WHAT TO PRODUCE:
Omitting the pictures, restate all of the entries below exactly.

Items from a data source
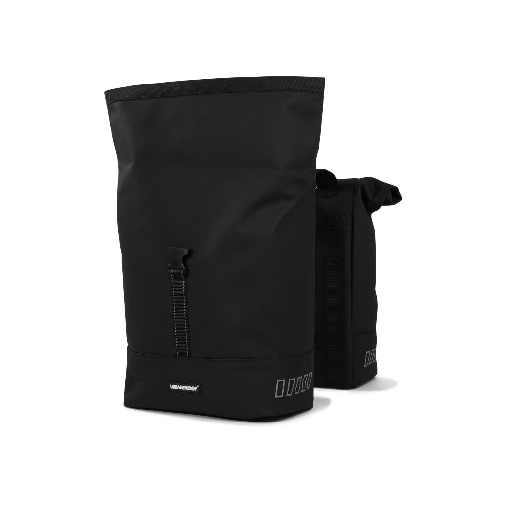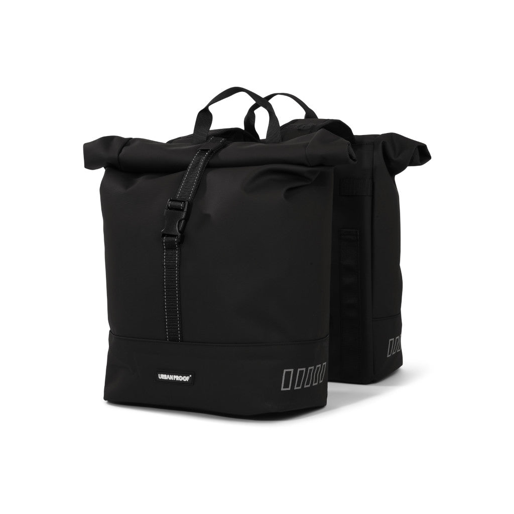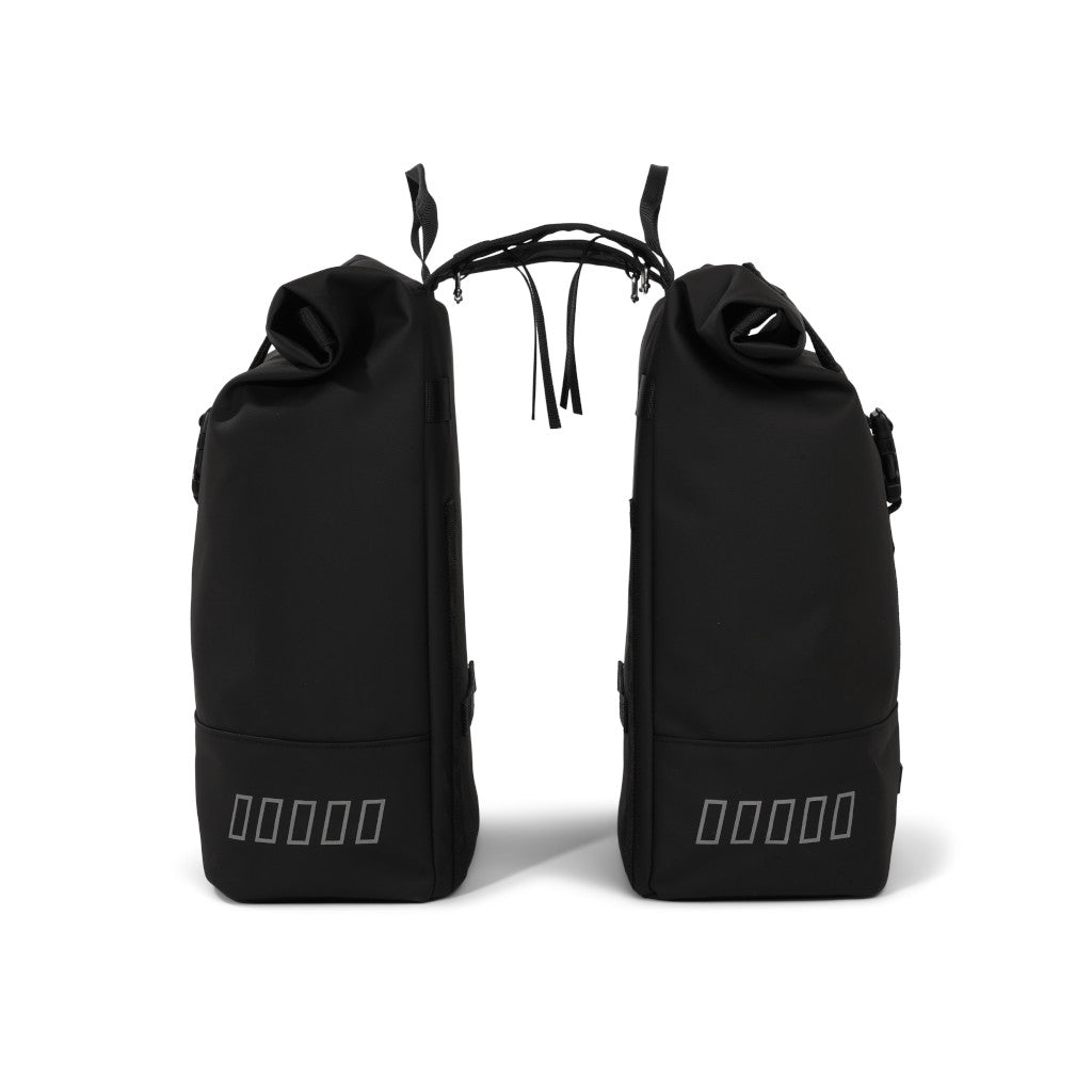 Stílhrein og nútímaleg tvöföld taska sem fer yfir bögglaberann. Rúllanleg lokun með sylgju til að festa við töskuna. Handföng eru á töskunni þannig að auðvelt er að halda á henni.
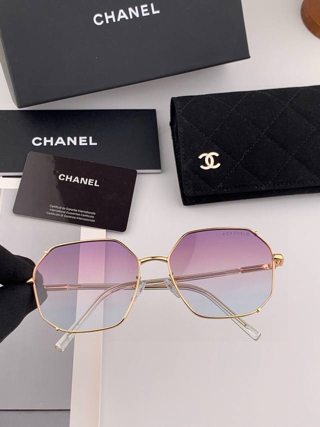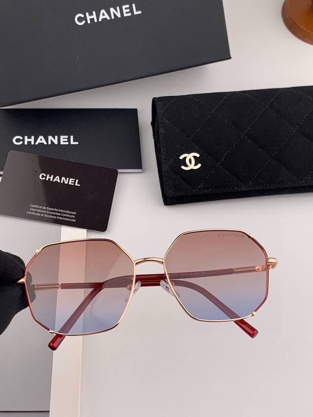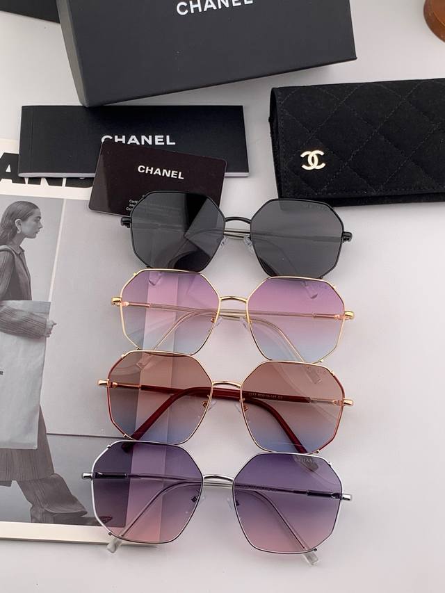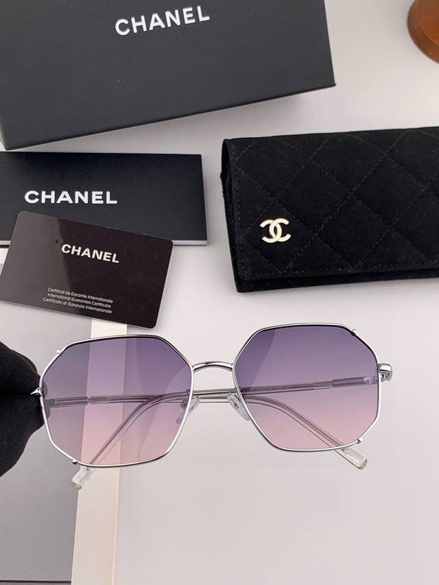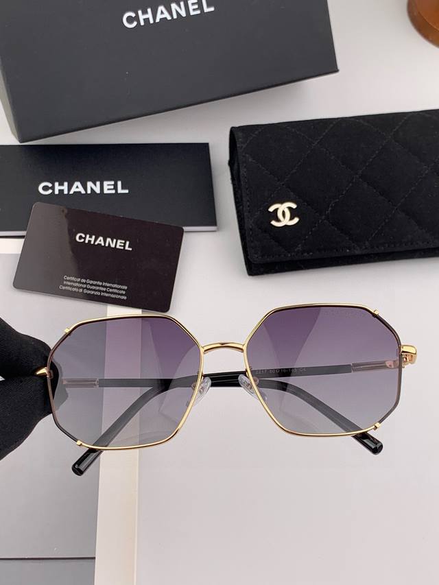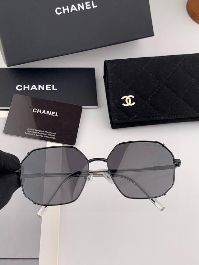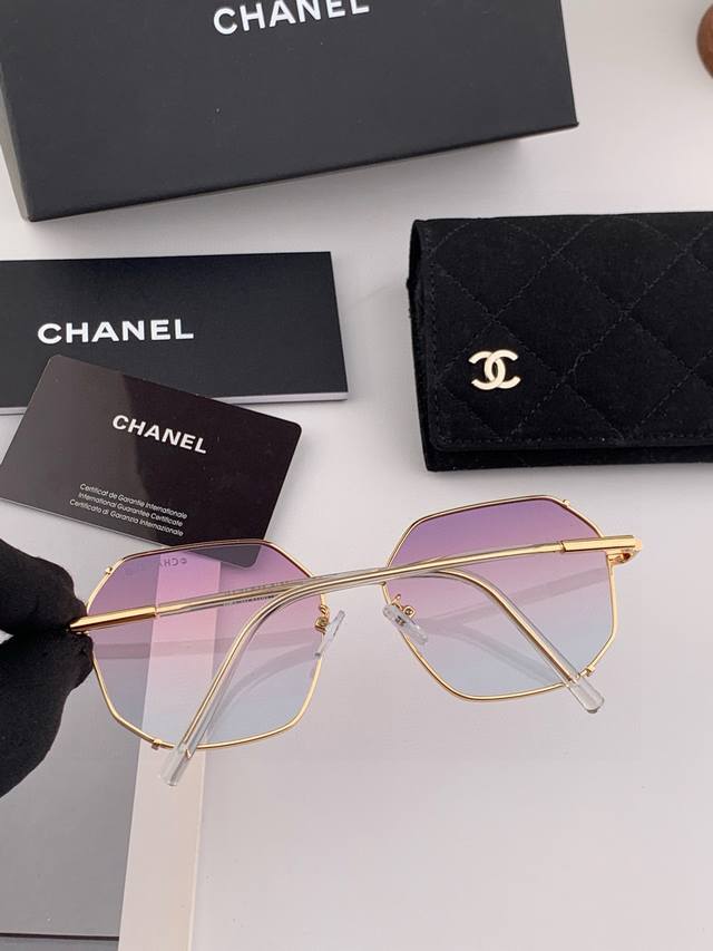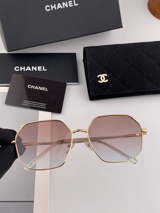 New Chanel sunglasses showcase the latest spring/summer eyewear with unique charm and avant-garde style. The square frame is embellished with classic Chanel pearls on both sides, and the metal center bridge is extremely comfortable to wear. Model: 1722
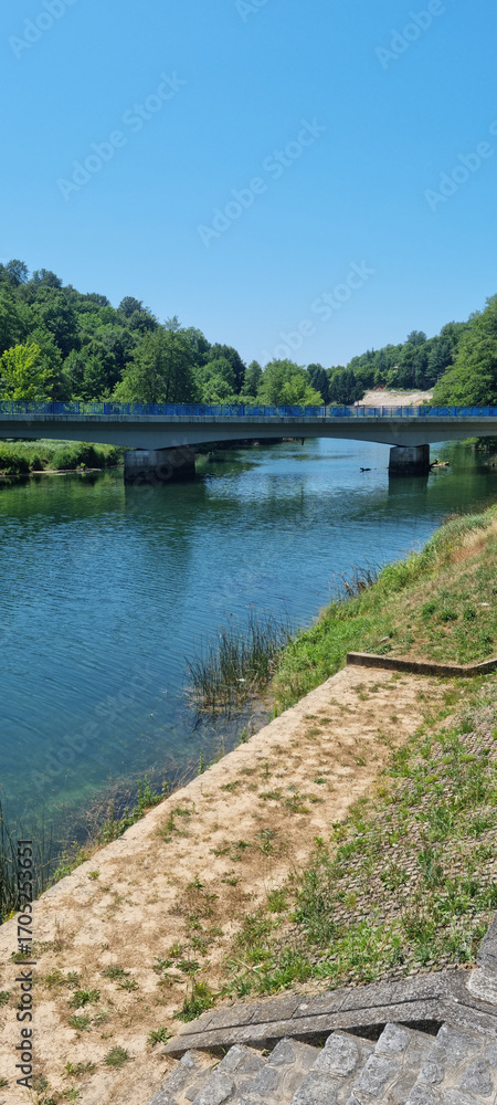 An elevated view shows a bridge over the Dobra River in Jarce Polje, with clear water, green banks, and a blue sky
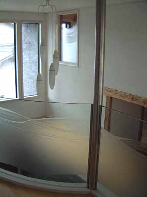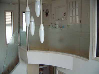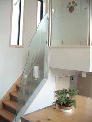 | 階段から踊り場にかけてトータルにデザインされているので、広がりを感じさせます。 FL15(H900×W2500) 曲げ硝子FL12(H900×W2400) FL12(H900×W800) |
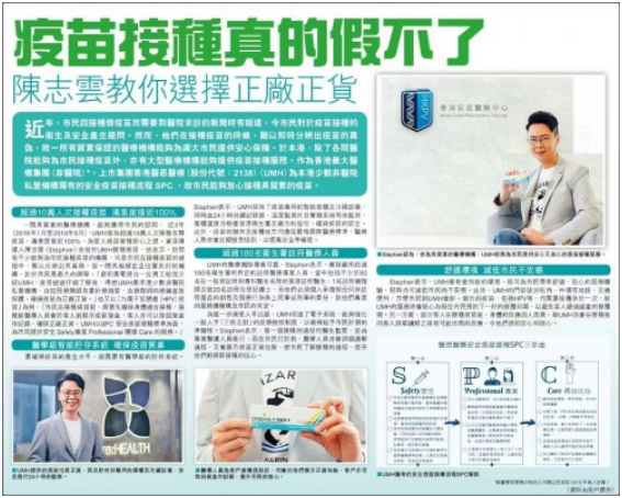 一间具质素的医疗机构,能够获得市民的认同, 近3年 (2016年7月至2019年6月),UMH曾为超过10万人次接种各类疫苗,满意度接近100%,为客人疫苗接种安心之选。资深传媒人陈志云(Stephen)亦曾于UMH接种疫苗,他表示,坊间有不少能够为市民接种疫苗的机构,可是市民在接种疫苗的过程中,难以分辨出其真伪,故一间具规模并且信誉良好的机构,对于市民是最大的保障。「最初是电视台一位员工给我介绍UMH,后来经过仔细了解后,得悉UMH是本港少数非医院私营机构由注册药剂师负责针药规管,由药剂师向药厂直接采购,确保疫苗为正厂正货。」他又以「九价子宫颈癌(HPV)疫苗」为例,「市民在接种疫苗前,需要先确保身体适合接种,接种前医疗人员会于客人前展示疫苗货盒,客人亦可以取回货盒作纪录,确保正厂正货,UMH以SPC 安全疫苗接种标准为首,为市民提供安全 Safety专业 Professional 关怀 Care 的服务。 」
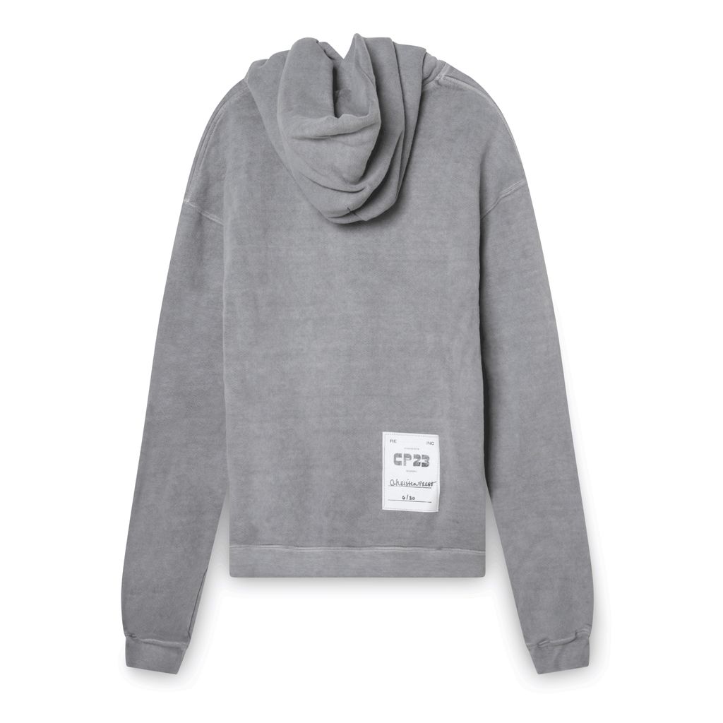 Fabrication: Original hoodie made by a woman-owned factory in Allentown, Pennsylvania. Enzyme washed for softness. The tyvek label was sewn in LA and signed by Christen press with a permanent fabric marker.

EXERCISE RESPONSE:
 Stílhrein og nútímaleg tvöföld taska sem fer yfir bögglaberann. Rúllanleg lokun með sylgju til að festa við töskuna. Handföng eru á töskunni þannig að auðvelt er að halda á henni.
 New Chanel sunglasses showcase the latest spring/summer eyewear with unique charm and avant-garde style. The square frame is embellished with classic Chanel pearls on both sides, and the metal center bridge is extremely comfortable to wear. Model: 1722
 An elevated view shows a bridge over the Dobra River in Jarce Polje, with clear water, green banks, and a blue sky
 | 階段から踊り場にかけてトータルにデザインされているので、広がりを感じさせます。 FL15(H900×W2500) 曲げ硝子FL12(H900×W2400) FL12(H900×W800) |
 一间具质素的医疗机构,能够获得市民的认同, 近3年 (2016年7月至2019年6月),UMH曾为超过10万人次接种各类疫苗,满意度接近100%,为客人疫苗接种安心之选。资深传媒人陈志云(Stephen)亦曾于UMH接种疫苗,他表示,坊间有不少能够为市民接种疫苗的机构,可是市民在接种疫苗的过程中,难以分辨出其真伪,故一间具规模并且信誉良好的机构,对于市民是最大的保障。「最初是电视台一位员工给我介绍UMH,后来经过仔细了解后,得悉UMH是本港少数非医院私营机构由注册药剂师负责针药规管,由药剂师向药厂直接采购,确保疫苗为正厂正货。」他又以「九价子宫颈癌(HPV)疫苗」为例,「市民在接种疫苗前,需要先确保身体适合接种,接种前医疗人员会于客人前展示疫苗货盒,客人亦可以取回货盒作纪录,确保正厂正货,UMH以SPC 安全疫苗接种标准为首,为市民提供安全 Safety专业 Professional 关怀 Care 的服务。 」
 Fabrication: Original hoodie made by a woman-owned factory in Allentown, Pennsylvania. Enzyme washed for softness. The tyvek label was sewn in LA and signed by Christen press with a permanent fabric marker.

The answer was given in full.